**What you need to do**
Please output the records below in full, exactly as given, but without the images.

**Records for the exercise**
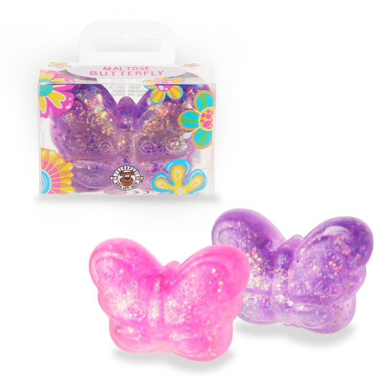 Αυτή η εντυπωσιακή πεταλούδα με γκλίτερ είναι ιδανική για στύψιμο και ζύμωμα, και επιστρέφει σιγά σιγά στο αρχικό της σχήμα. Νιώστε την καταπραϋντική, αντιστρες επίδραση! Γέμιση: Μαλτόζη.
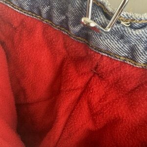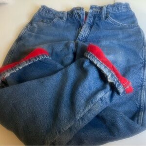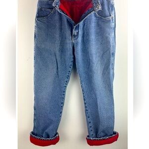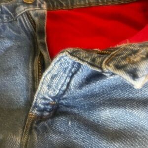 Experience comfort and style with these distressed Wrangler's Rugged-Wear thrashed jeans. Classic blue denim exterior and a red lining for insulation.
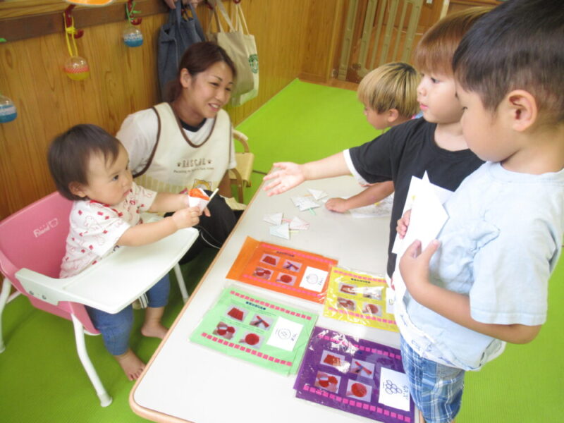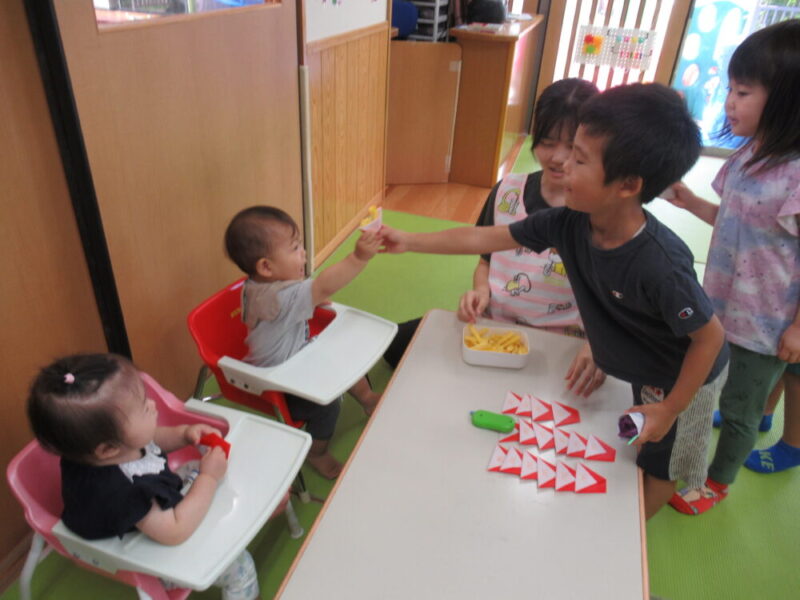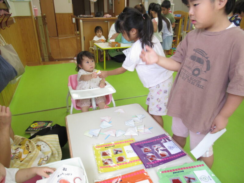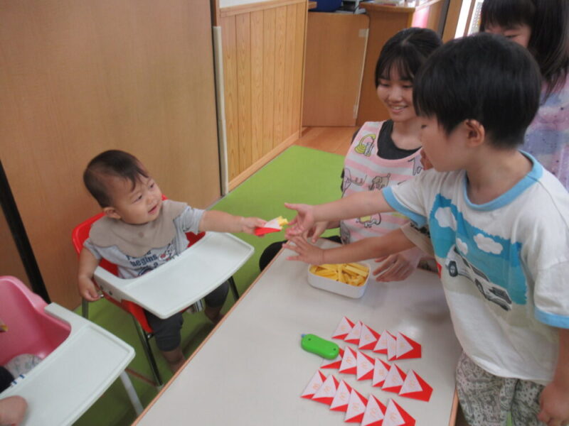 最初は緊張していたお友達も、慣れてくるとお兄さんお姉さん達に「はい、どうぞ♪」と手渡しすることができていましたよ。短い時間でしたが交流の機会を持てて良かったね!また一緒に遊ぼう!
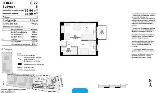 Jednopokojowy lokal 35,99 m2. Apartament na 1 piętrze posiada Pokój z aneksem - 32,05 m2: strefa przedpokoju - 4,19 m2, strefa sypialni - 9,03 m2, strefa dzienna - 18,83 m2, łazienką - 3,94 m2, balkon - 3,90 m2. Zapewnia idealne miejsce do relaksu.
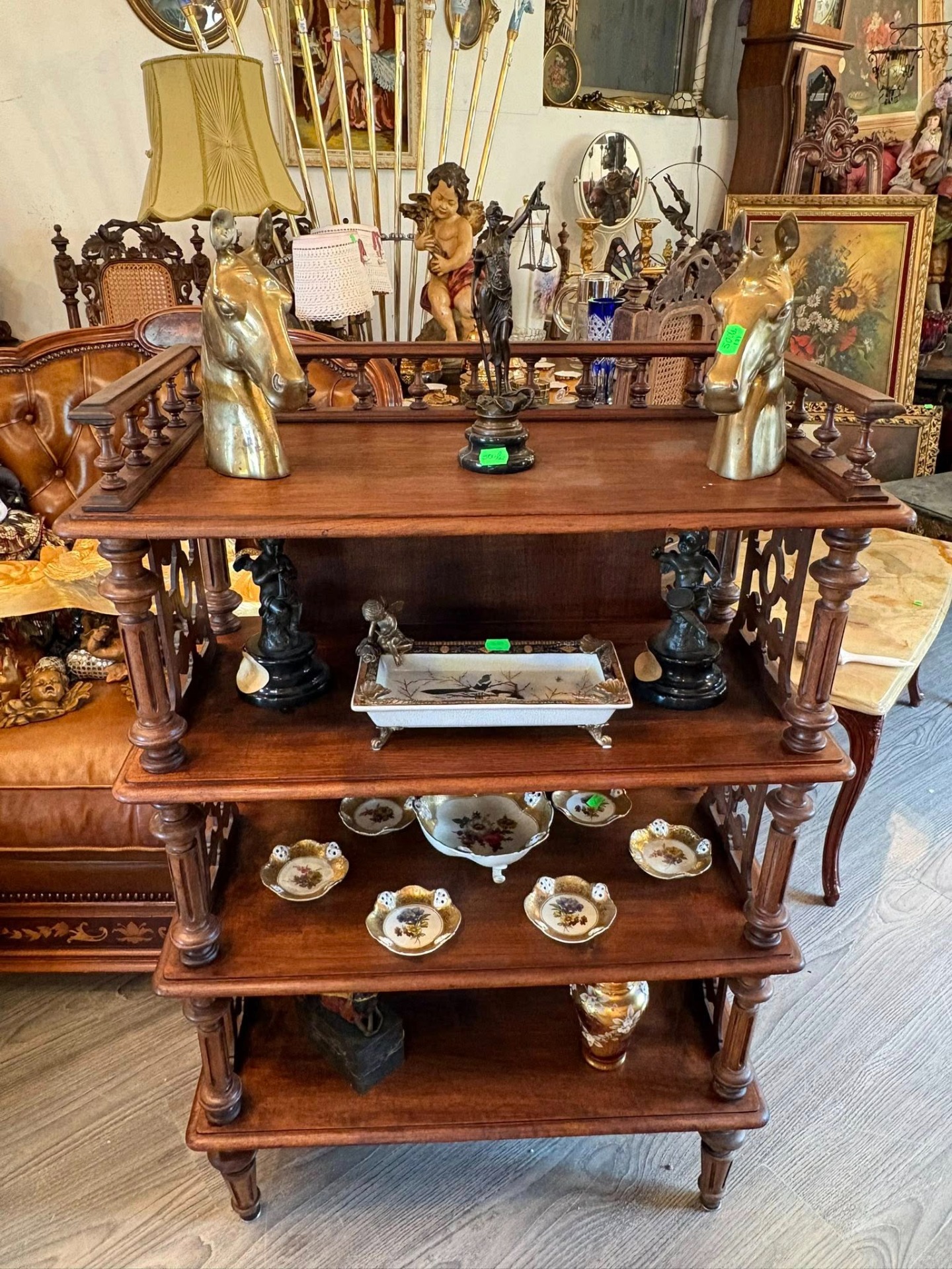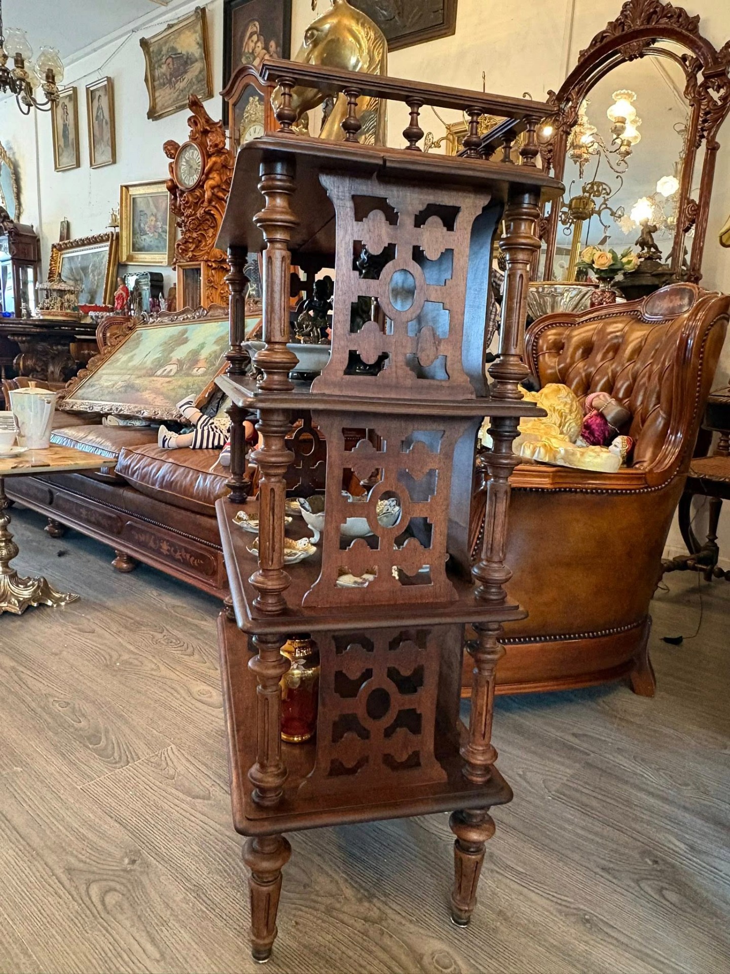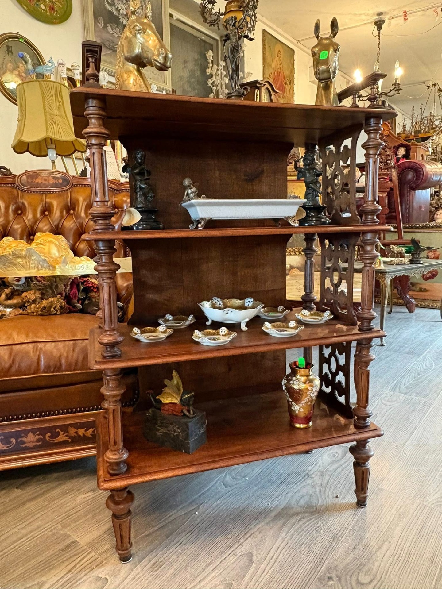 Etajeră Antică din Lemn Masiv – Stil Victorian / Étagère.deosebită din lemn masiv, o piesă de mobilier cu caracter, ideală pentru expunerea colecțiilor de porțelan, cărților sau obiectelor decorative vintage.

**Written reply**
 Αυτή η εντυπωσιακή πεταλούδα με γκλίτερ είναι ιδανική για στύψιμο και ζύμωμα, και επιστρέφει σιγά σιγά στο αρχικό της σχήμα. Νιώστε την καταπραϋντική, αντιστρες επίδραση! Γέμιση: Μαλτόζη.
 Experience comfort and style with these distressed Wrangler's Rugged-Wear thrashed jeans. Classic blue denim exterior and a red lining for insulation.
 最初は緊張していたお友達も、慣れてくるとお兄さんお姉さん達に「はい、どうぞ♪」と手渡しすることができていましたよ。短い時間でしたが交流の機会を持てて良かったね!また一緒に遊ぼう!
 Jednopokojowy lokal 35,99 m2. Apartament na 1 piętrze posiada Pokój z aneksem - 32,05 m2: strefa przedpokoju - 4,19 m2, strefa sypialni - 9,03 m2, strefa dzienna - 18,83 m2, łazienką - 3,94 m2, balkon - 3,90 m2. Zapewnia idealne miejsce do relaksu.
 Etajeră Antică din Lemn Masiv – Stil Victorian / Étagère.deosebită din lemn masiv, o piesă de mobilier cu caracter, ideală pentru expunerea colecțiilor de porțelan, cărților sau obiectelor decorative vintage.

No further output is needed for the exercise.